___ Study material ___
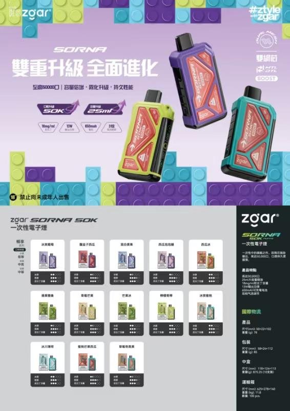 The ZGAR SORNA 50K Disposable Vape is a high-capacity vaping device designed for extended performance and smooth flavor delivery. It offers up to 50,000 puffs and comes with 2% nicotine salt, providing a balanced and satisfying vaping experience.
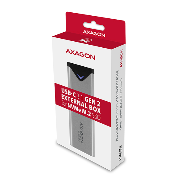 Super rychlý externí boxAXAGON EEM2-UG2s USB 3.2 Gen 2 rozhraním je určen proNVMe (PCI-Express) M.2 SSDdisky.
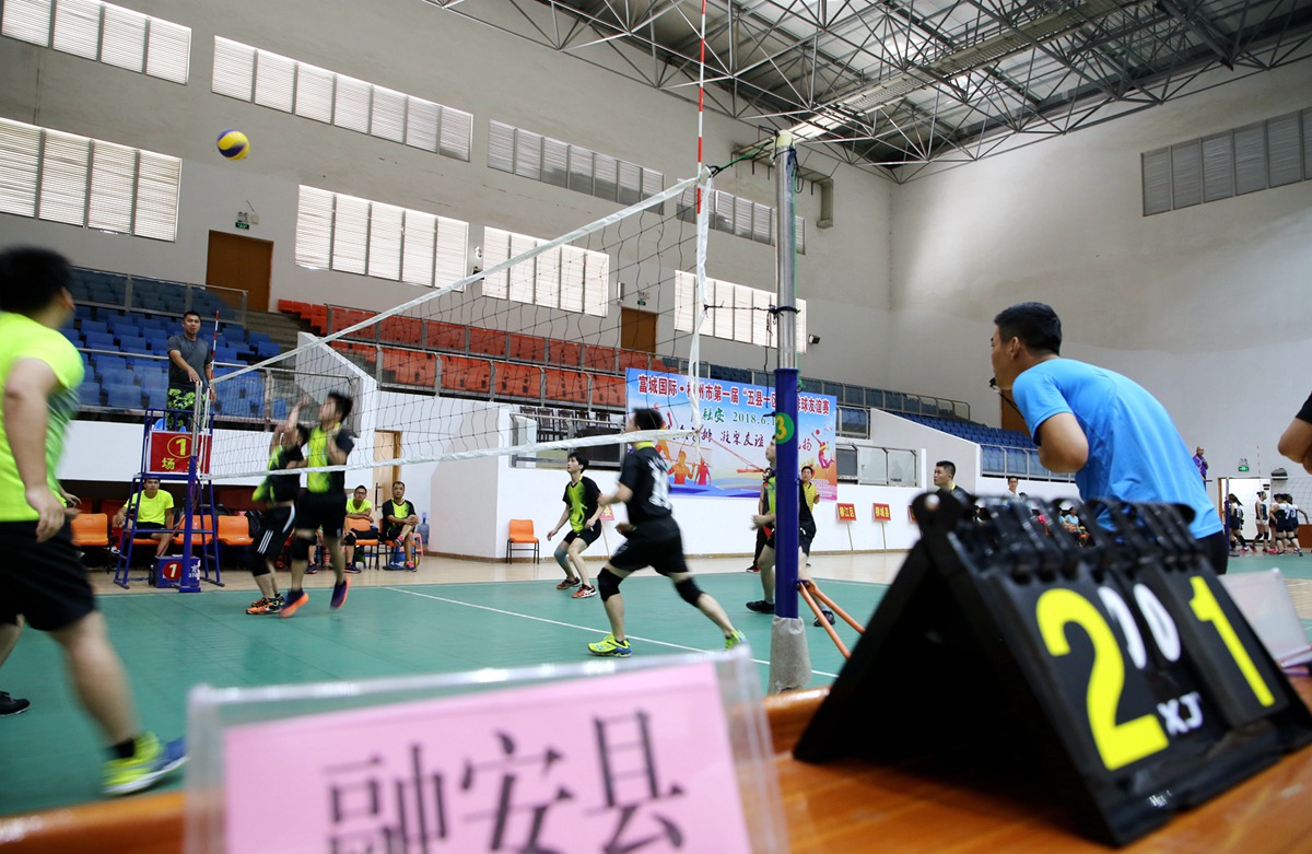 图1:6月16日上午,在融安县文体中心,富城国际.柳州市第一届“五县一区”气排球友谊赛正在打响。(韦荣军 摄)
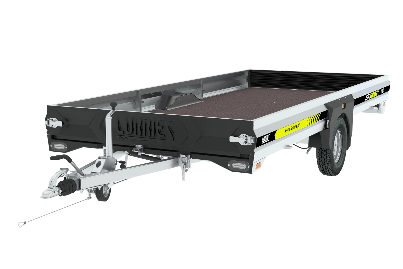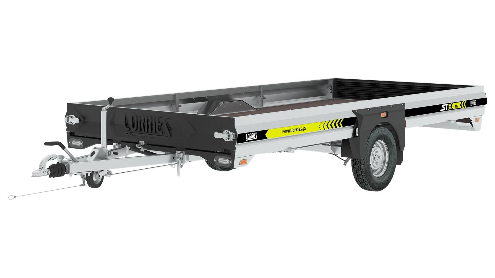 Przyczepa STX395I posiada przestronne pole załadowcze. Wyposażona jest w stalowe burty o wysokość 25 cm, z których przednia i tylna są otwierane i w pełni demontowalne. Boczne burty stanowią elementy konstrukcyjne i są zamontowane na stałe. W celu uchylenia platformy używamy mocnego podnośnika trapezowego, który stanowi standardowe wyposażenie.
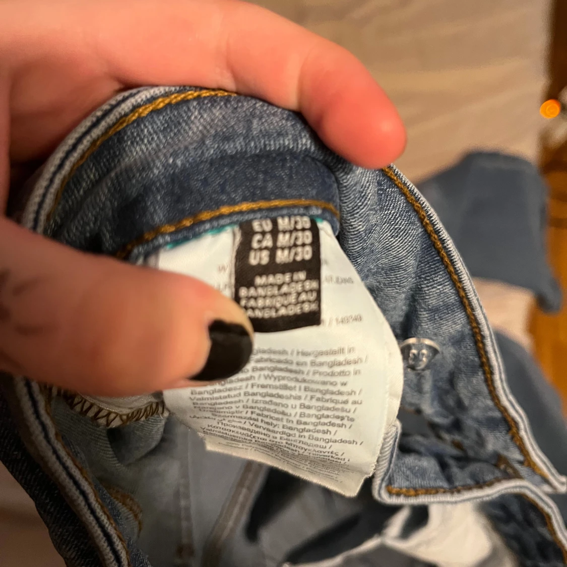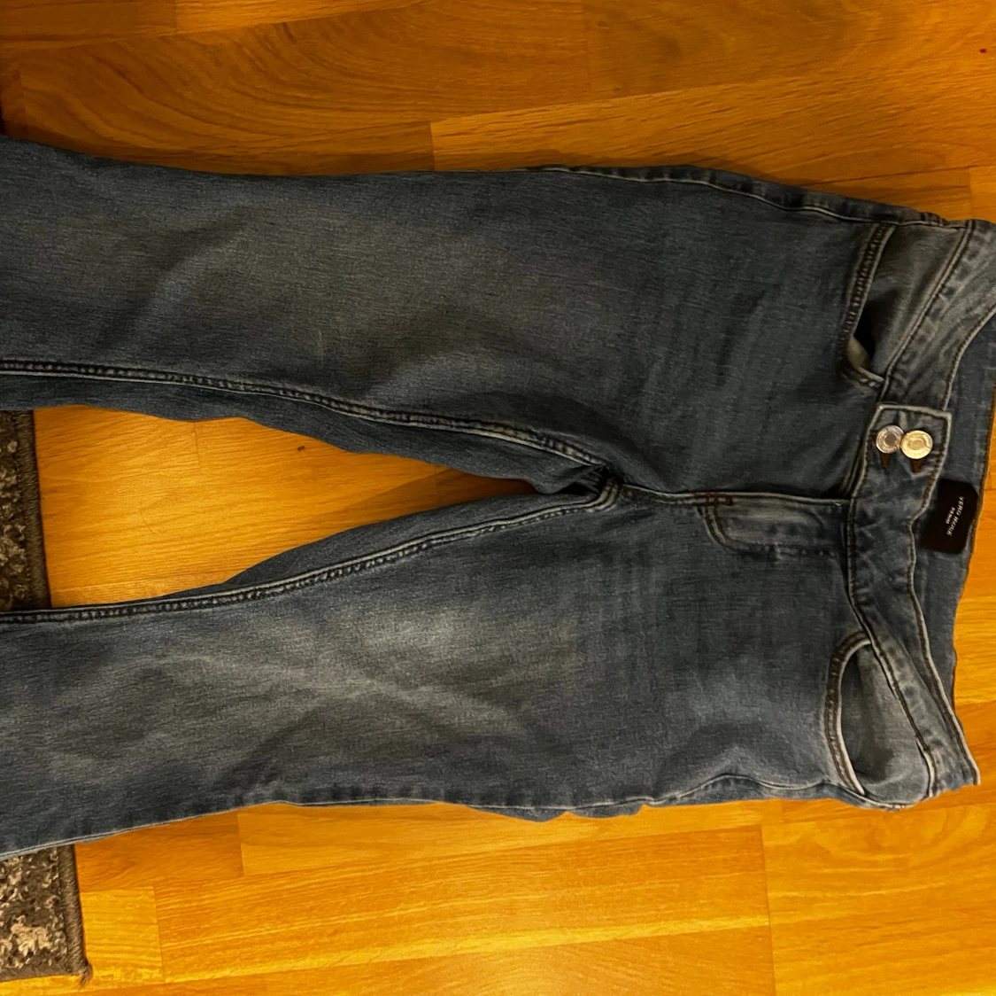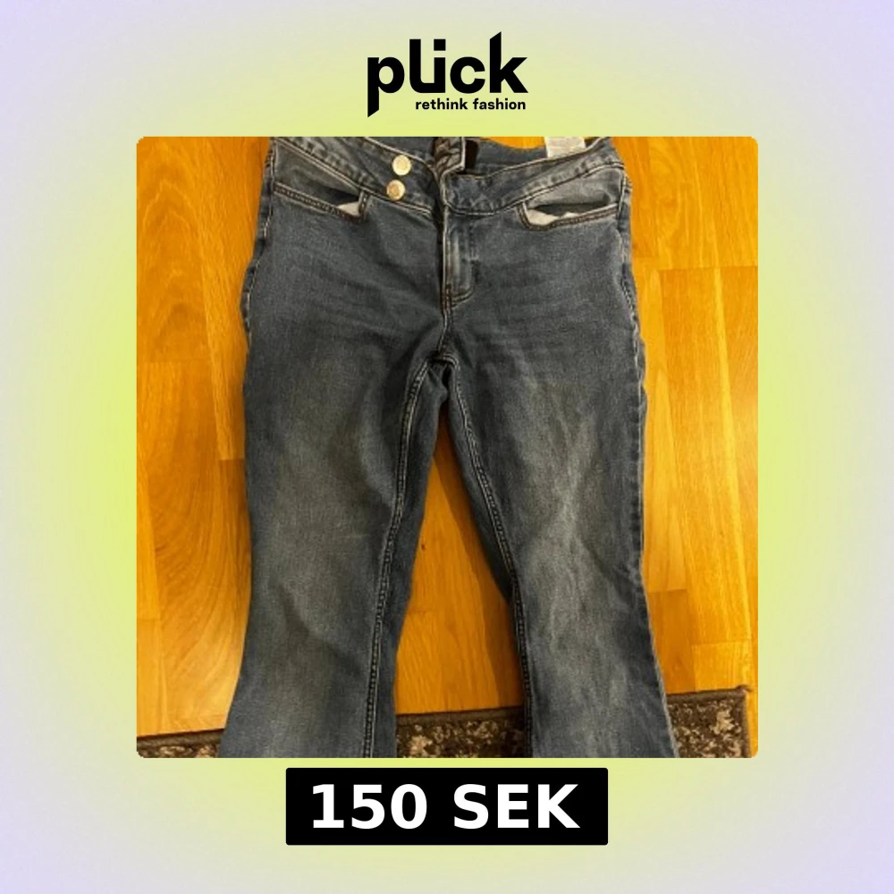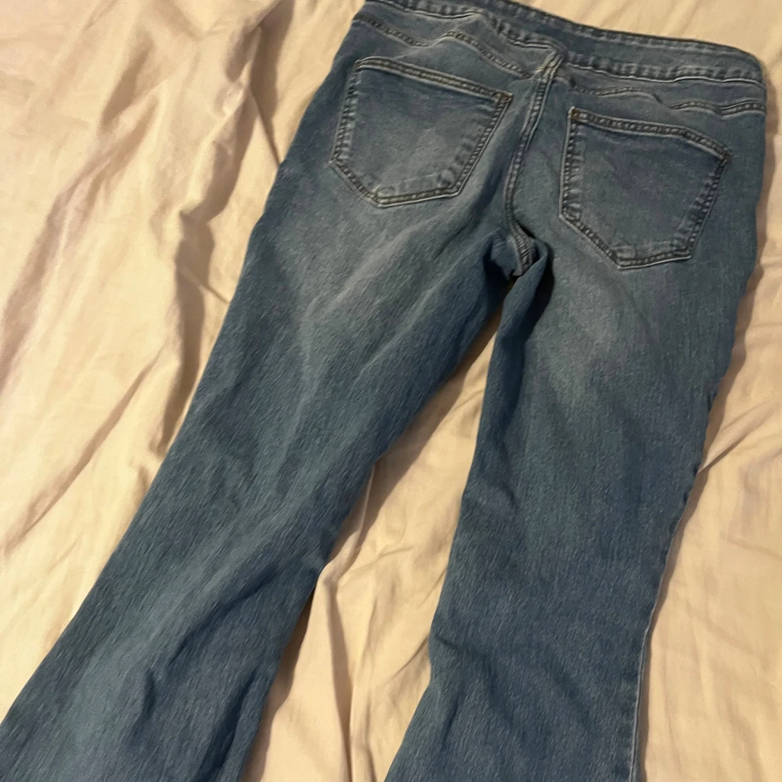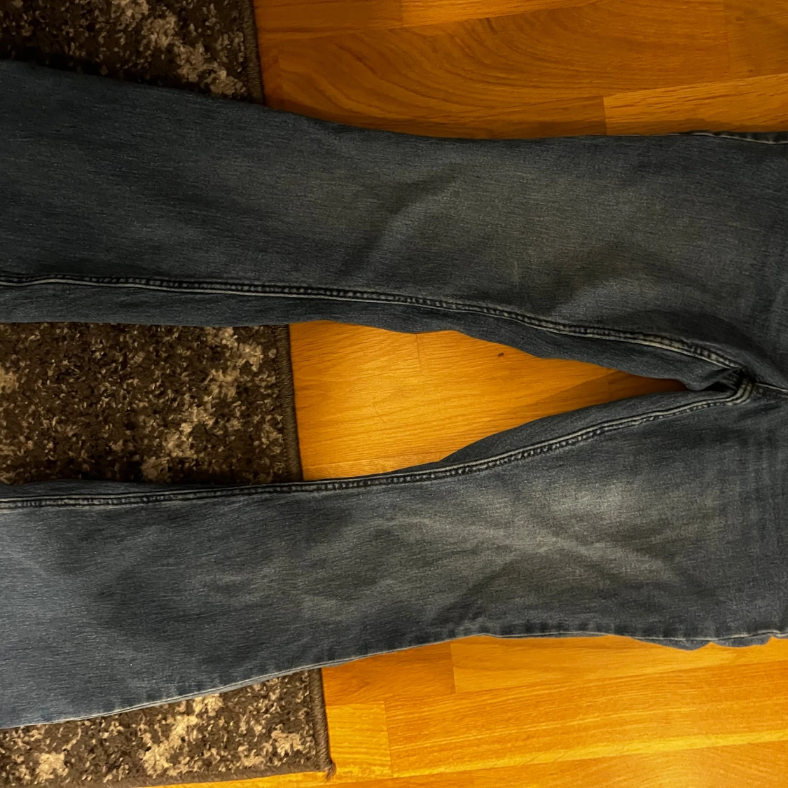 Säljer ett par blå bootcut jeans med snygg tvätt och dubbla silverfärgade knappar i midjan. Jeansen har klassiska fickor fram och bak, och är tillverkade i mjukt denimtyg. Perfekta för dig som gillar en lite utsvängd look!
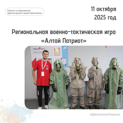 11 октября 2025 года, в рамках реализации гранта «Движения Первых», МБОУ «СОШ № 15» города Новоалтайска проводит Региональную военно-тактическую игру «Алтай Патриот»,посвященную Году защитника Отечества.
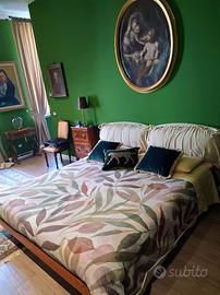 Splendido letto classico matrimoniale in legno con boiserie Completo di materasso king size e doghe in legno Struttura e testiera in massello Testiera con cuscinoni imbottiti alcantara Giroletto in boiserie
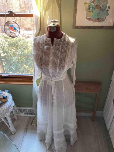 This is an authentic Edwardian-era (circa 1900-1910) lingerie dress, also known as a tea dress, displayed on a vintage dress form. The garment is constructed from fine, semi-sheer white cotton batiste or lawn. It features an intricate bodice decorated with vertical panels of delicate insertion lace and pleated tucks, creating a refined texture. The dress has a high, stand-up mandarin-style collar also trimmed with lace. The front is detailed with a long row of small mother-of-pearl or fabric-covered buttons extending from the neckline through the gathered waistline. The sleeves are three-quarter length with matching lace trim at the cuffs. The skirt is full-length and flows into a soft flare, accented with horizontal pintucks and a tiered lace hemline. Overall construction shows high-quality period craftsmanship with fine stitching. Given its age, the fabric appears generally well-preserved, though a small dark spot or pinhole is visible on the upper left chest area. There is some minor discoloration consistent with the patina of antique textiles. The silhouette is characteristic of the 'S-bend' or 'Gibson Girl' era, requiring a corset for the intended period fit.
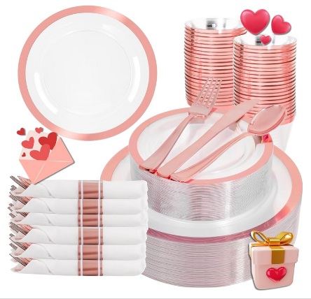 Amazon has the Liacere 350PCS Rose Gold Plastic Plates – Clear with Rose Gold Rim for 50Guests Dinnerware – Include 100 Plates disposable 150 PCS Silverware 50 Napkins for Wedding & Party & Valentine’s Day $46.99. Plus you add coupon code: HJBSYTUR to bring the price down to only $32.99.
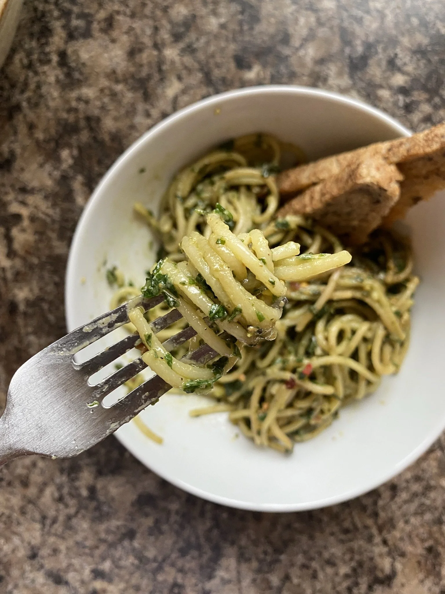 In a food processor, combine pistachios and garlic. Pulse until it resembles a coarse meal. Add parmesan, salt and pepper and process until combined. Add basil and parsley. It will probably fill the full bowl. Continue processing until basil and parsley are roughly chopped. You can get as fine as you like, but I tend to leave mine a little chunkier (aka more rustic) because I like a big bite of basil in my pesto (as opposed to one that’s perfectly smooth.
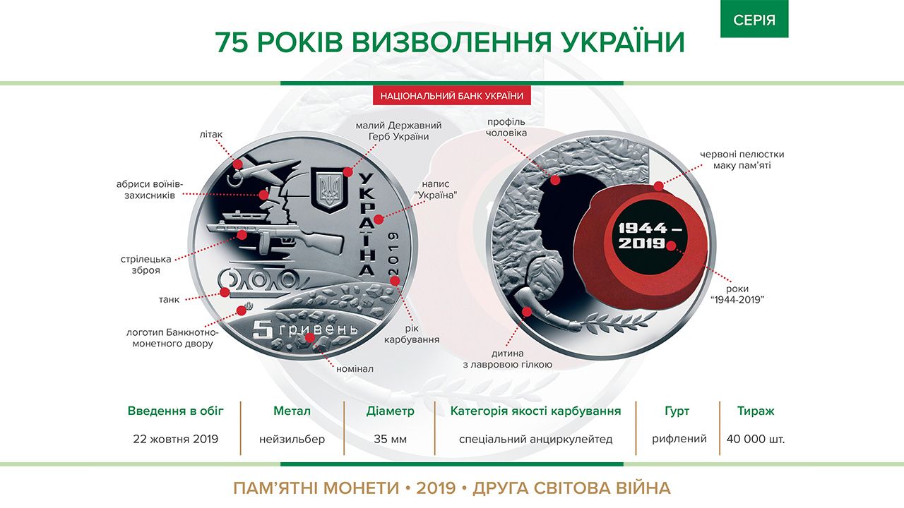 К 75-й годовщине освобождения Украины от нацистов Национальный банк выпустил одноименную памятную монету номиналом 5 гривен.
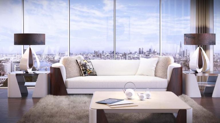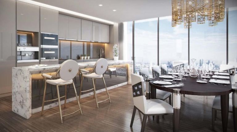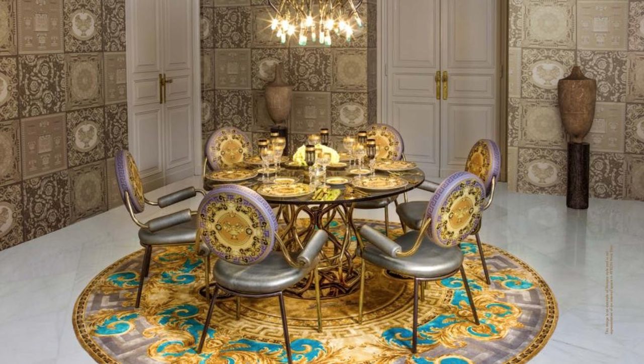 Nur hier können Sie in der ersten Zusammenarbeit zwischen diesem Luxusdesigner und einer neuen Wohnimmobilie in London aufwändige Innenräume zeigen, die von Versace Home entworfen wurden.
___
Please output the records exactly, leaving the pictures out.

 The ZGAR SORNA 50K Disposable Vape is a high-capacity vaping device designed for extended performance and smooth flavor delivery. It offers up to 50,000 puffs and comes with 2% nicotine salt, providing a balanced and satisfying vaping experience.
 Super rychlý externí boxAXAGON EEM2-UG2s USB 3.2 Gen 2 rozhraním je určen proNVMe (PCI-Express) M.2 SSDdisky.
 图1:6月16日上午,在融安县文体中心,富城国际.柳州市第一届“五县一区”气排球友谊赛正在打响。(韦荣军 摄)
 Przyczepa STX395I posiada przestronne pole załadowcze. Wyposażona jest w stalowe burty o wysokość 25 cm, z których przednia i tylna są otwierane i w pełni demontowalne. Boczne burty stanowią elementy konstrukcyjne i są zamontowane na stałe. W celu uchylenia platformy używamy mocnego podnośnika trapezowego, który stanowi standardowe wyposażenie.
 Säljer ett par blå bootcut jeans med snygg tvätt och dubbla silverfärgade knappar i midjan. Jeansen har klassiska fickor fram och bak, och är tillverkade i mjukt denimtyg. Perfekta för dig som gillar en lite utsvängd look!
 11 октября 2025 года, в рамках реализации гранта «Движения Первых», МБОУ «СОШ № 15» города Новоалтайска проводит Региональную военно-тактическую игру «Алтай Патриот»,посвященную Году защитника Отечества.
 Splendido letto classico matrimoniale in legno con boiserie Completo di materasso king size e doghe in legno Struttura e testiera in massello Testiera con cuscinoni imbottiti alcantara Giroletto in boiserie
 This is an authentic Edwardian-era (circa 1900-1910) lingerie dress, also known as a tea dress, displayed on a vintage dress form. The garment is constructed from fine, semi-sheer white cotton batiste or lawn. It features an intricate bodice decorated with vertical panels of delicate insertion lace and pleated tucks, creating a refined texture. The dress has a high, stand-up mandarin-style collar also trimmed with lace. The front is detailed with a long row of small mother-of-pearl or fabric-covered buttons extending from the neckline through the gathered waistline. The sleeves are three-quarter length with matching lace trim at the cuffs. The skirt is full-length and flows into a soft flare, accented with horizontal pintucks and a tiered lace hemline. Overall construction shows high-quality period craftsmanship with fine stitching. Given its age, the fabric appears generally well-preserved, though a small dark spot or pinhole is visible on the upper left chest area. There is some minor discoloration consistent with the patina of antique textiles. The silhouette is characteristic of the 'S-bend' or 'Gibson Girl' era, requiring a corset for the intended period fit.
 Amazon has the Liacere 350PCS Rose Gold Plastic Plates – Clear with Rose Gold Rim for 50Guests Dinnerware – Include 100 Plates disposable 150 PCS Silverware 50 Napkins for Wedding & Party & Valentine’s Day $46.99. Plus you add coupon code: HJBSYTUR to bring the price down to only $32.99.
 In a food processor, combine pistachios and garlic. Pulse until it resembles a coarse meal. Add parmesan, salt and pepper and process until combined. Add basil and parsley. It will probably fill the full bowl. Continue processing until basil and parsley are roughly chopped. You can get as fine as you like, but I tend to leave mine a little chunkier (aka more rustic) because I like a big bite of basil in my pesto (as opposed to one that’s perfectly smooth.
 К 75-й годовщине освобождения Украины от нацистов Национальный банк выпустил одноименную памятную монету номиналом 5 гривен.
 Nur hier können Sie in der ersten Zusammenarbeit zwischen diesem Luxusdesigner und einer neuen Wohnimmobilie in London aufwändige Innenräume zeigen, die von Versace Home entworfen wurden.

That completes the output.